Truly, though, the more appropriate biblical analogy is that I am like a Canaanite under the onslaught of an exodus of Israelites, and my land is no longer my own, because last night the same herbitosis crew showed up at Variety Playhouse for this year’s concert. Freed from the Pharoah of Phish, thousands upon thousands of dirty stinking hippies have nothing better to do than show up at Les Claypool shows in the hopes of seeing some evidence of their messiah, and in the meantime polluting an otherwise awe-inspiring show with their clouds of herb and misplaced, Poisson-distributed shouts of “Primus sucks!” because they heard that’s what you’re supposed to say. Oh, right, and the fat hanging over scrunchy skirts. (And that goes for the dreadlocked dudes, too.)
What I really want to understand (no, not really, I’d much rather beat it out of the realm of contemplation with a tire iron) is why the entire non-smoking facility is soaked to the gills with reefer madness while the law-abiding tobacco addicts abide by the requirements that they retire to the Smokers’ Alley out the side door. Breaking one law ain’t enough for Dirty Stinking Hippies, they gotta go for the twofer? Honestly.
I wonder if I’ll have to report this concert on my next SF86 under Drug History. Dirty stinking hippies.



July 12th, 2006 at 8:00 pm
I was a stagehand in New Orleans when Oysterhead decided to play its first gig during that year’s Jazzfest. I was psyched ’cause of the Primus/Police connection.
And then they started playing. Sucked. Any hope of being impressed faded as they kept playing. I did get hit on by a hippy-chick trying to get back-stage. A dirty hippy chick, yucka. Oh-well. Thank good for other good bands.

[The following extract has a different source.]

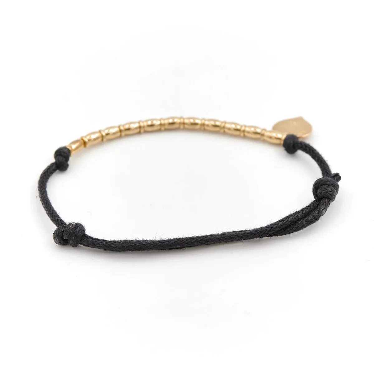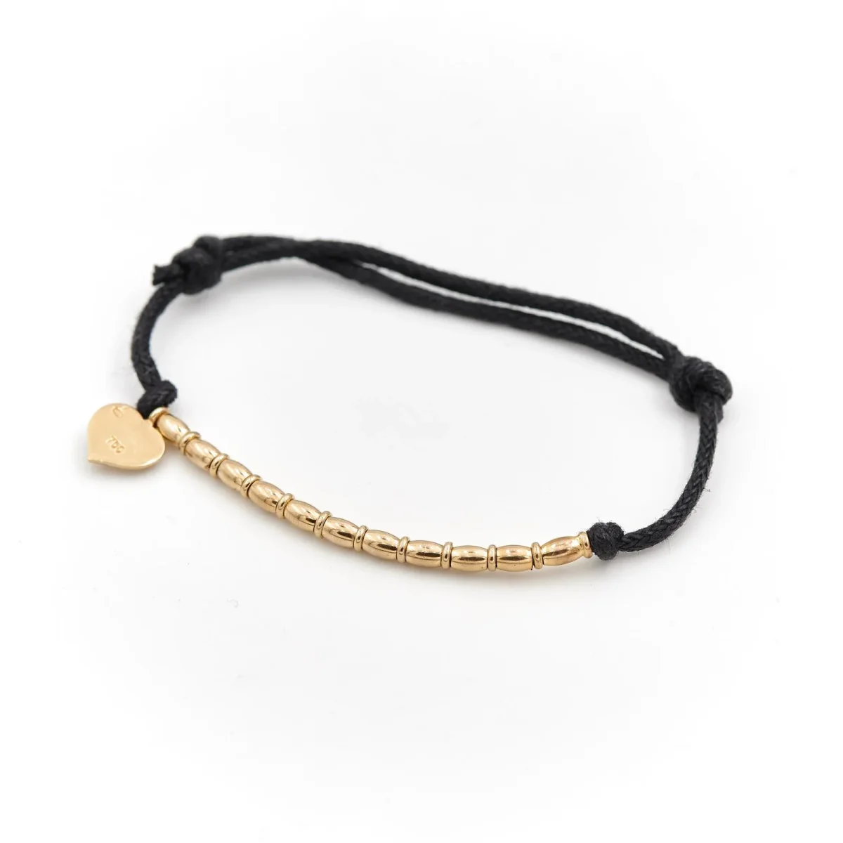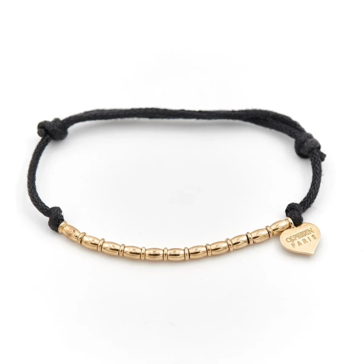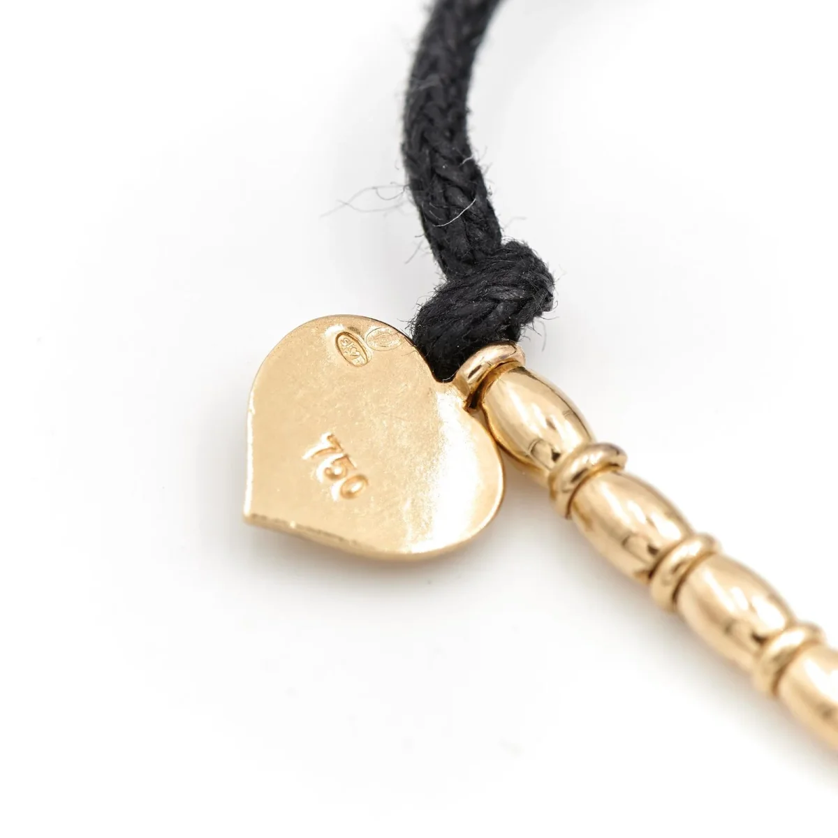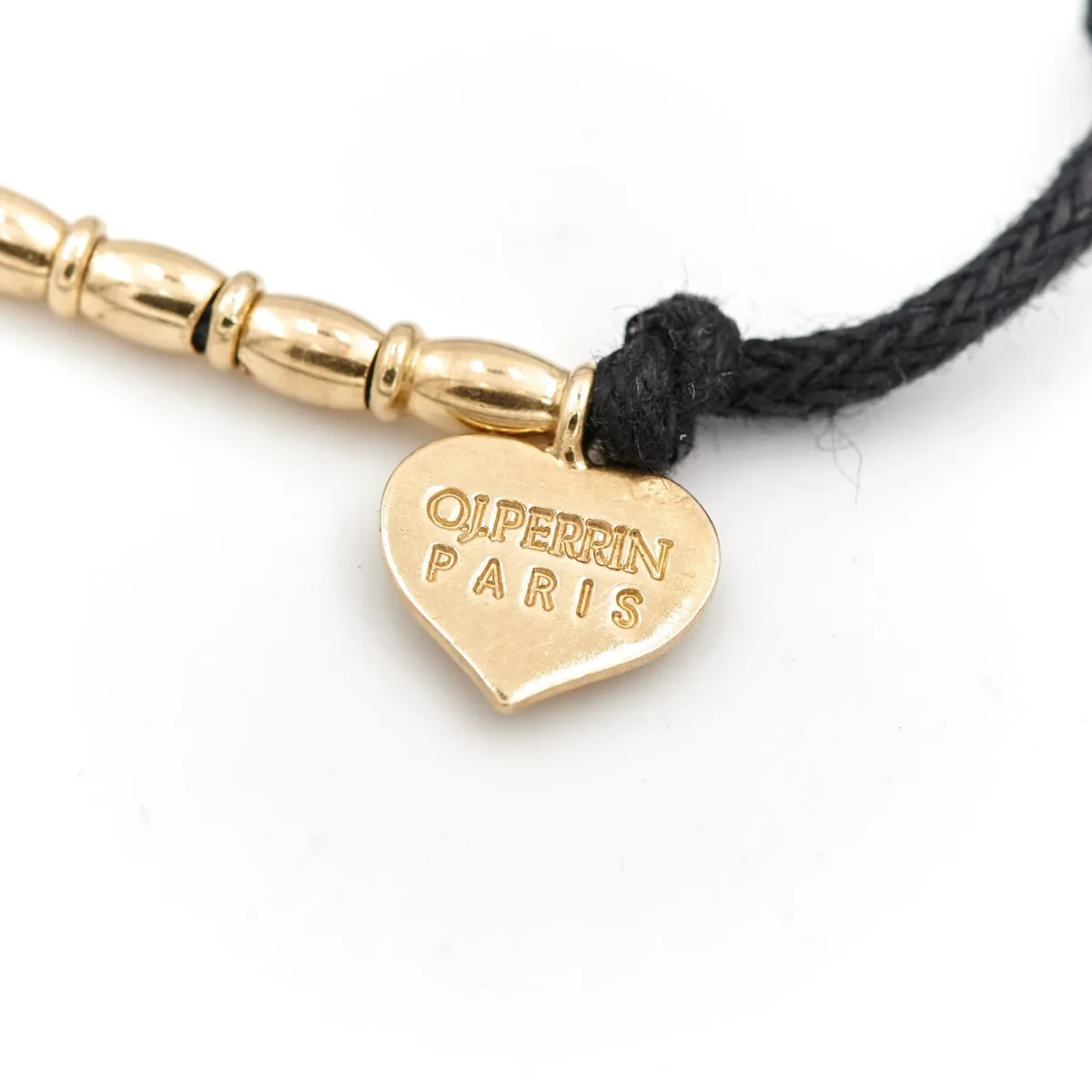 Bracelet signé O.J. Perrin en or jaune 750 millièmes (18 carats), composé d’un cordon ajustable , 20 perles d’or et d’un pendant en or en forme de cœur, Tour de poignet: 20 cm et ajustable, Dimensions : 5,65 x 1,20 cm, Poids total: 3,42 g, Poinçon hibou, Excellent état

July 14th, 2006 at 5:53 pm
Yeah, the Oysterhead album is one of those things I own simply because I *have* to as a fanatic. Not that Primus or the Flying Frog Brigade are all that pleasant on the ears, but to bass playing devotees they’re still small miracles. A few of the songs from Oysterhead are worth trying to play — but a lot of the time it’s clear that Trey just skewed the whole project into wandering Phishdom.